1988. Directed by Chuck Russell.
One of the goriest films of the 80's, Chuck Russell's remake of the horror classic The Blob, forsakes the communist warnings of its predecessor to deliver a downright nasty take on the infamous amorphous killer. Featuring outstanding visual effects and ridiculously gruesome kill scenes, The Blob is 80's cult cinema at its finest.
A meteorite crashes in the sleepy town of Arborville, CA. A vagrant discovers the crash site and is afflicted by a parasite that attaches to his hand and slowly begins to consume him. A beautiful cheerleader on a date with the town's hot shot football player, comes in contact with the homeless man and takes him to the hospital. The creature quickly makes work of its first victim and then proceeds to dine on the town's populace, growing larger and stronger with each victim. Soon, the military arrives to put an end to its experiment gone awry, forcing the townsfolk to band together in order to stop the Blob once and for all.
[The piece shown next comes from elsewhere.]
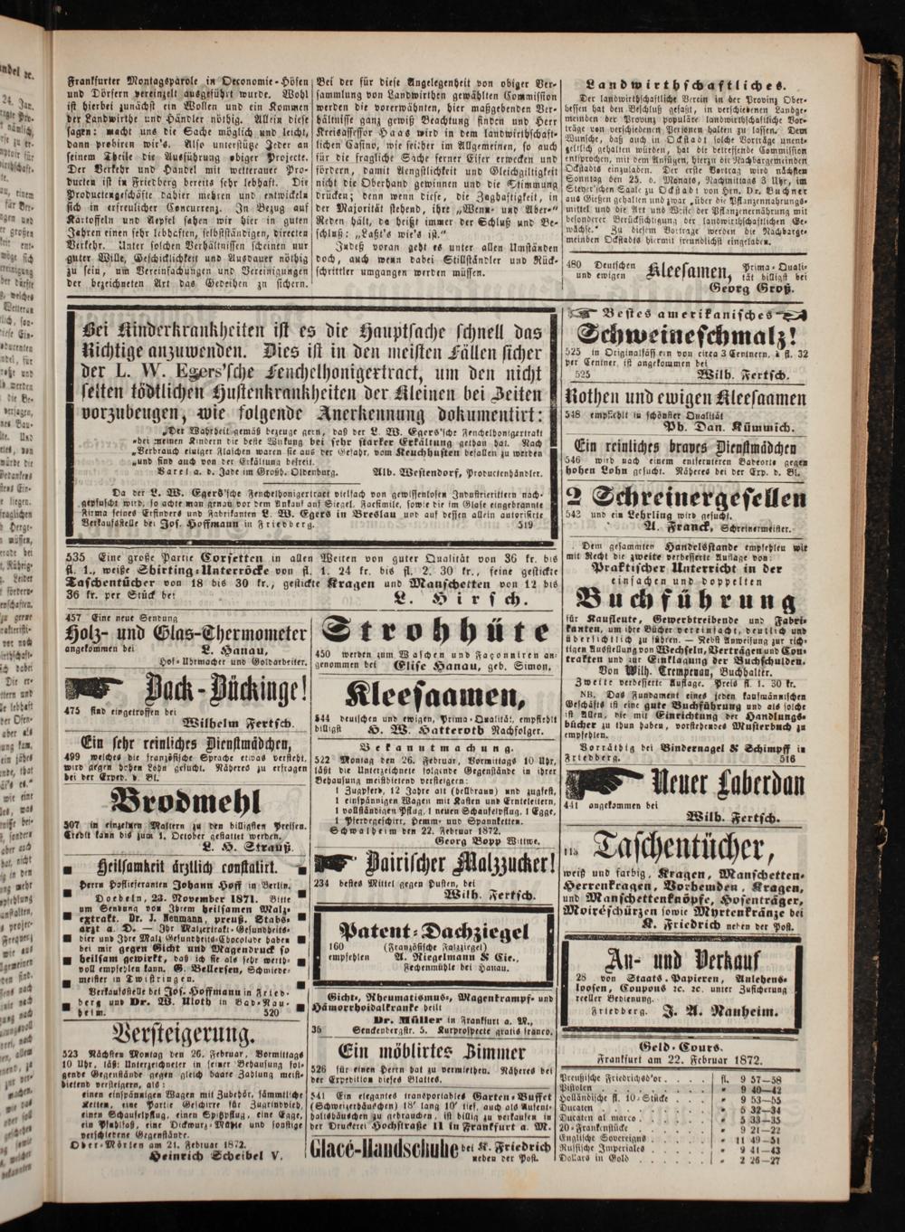 Geld Cours. Frankfurt am 22. Februar 1872.

Co-written by Frank Darabont, The Blob is pure late night fodder that managed to break away from the pack with its wicked visuals and unusually violent subject matter. Starring Kevin Dillon (the other Dillon), Shawnee Smith, and an endless procession of victims, The Blob skips character development in lieu of the carnage. Tony Gardner's special effect work is the entire film. In the original, the blob was an ever moving titan, slowly devouring everything in its path, while this offering presents the titular behemoth as a sentient disease,infecting and then dissolving anything it comes in contact with and responding to challenges with overkill level displays of audacity. Gardner's special effects, captured by Mark Irwin's looming cinematography, use tentacles, cell division, and corpse puppetry to various degrees of putrescent delight. The over the top sewer sequence (with a motorcycle!) is the set piece, featuring one of the most brutal kill scenes involving a child while simultaneously abandoning any sense of credibility, proudly cementing the film's ooze covered antics as the jester of B movie royalty.
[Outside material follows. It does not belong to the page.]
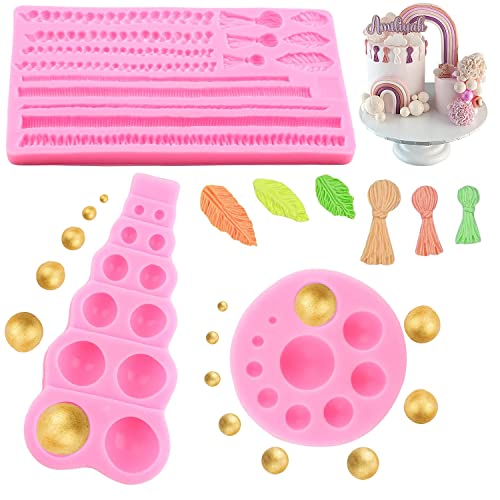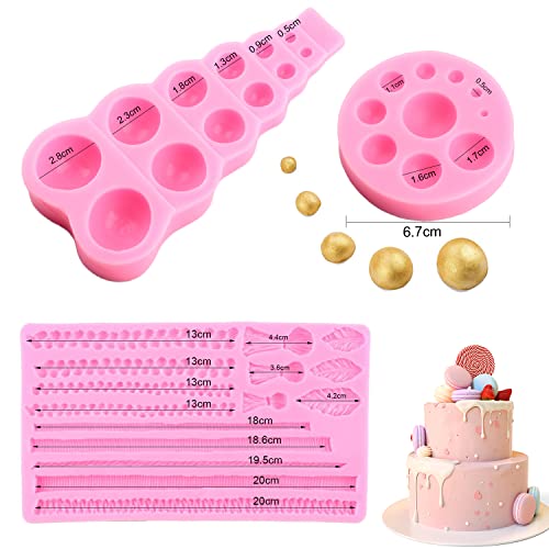 Asaisimg Set di 3 stampi per fondente a corda di canapa, 1 stampo in silicone per macramè per decorazione di torte e 2 stampi 3D per palline di perle, fondente, zucchero artigianale per torte al

Available now for digital rental, The Blob is a great horror comedy that straddles the ridiculous and the revolting with alacrity. If you're in the mood to reclaim a piece of your 80's child hood, you can't go wrong. If you've never viewed The Blob before, prepare for a paint by numbers horror film with above the board special effects and eye rolling dialogue that befuddles and playfully insults American bravado, and you'll be in good hands. Albeit, slimy ones.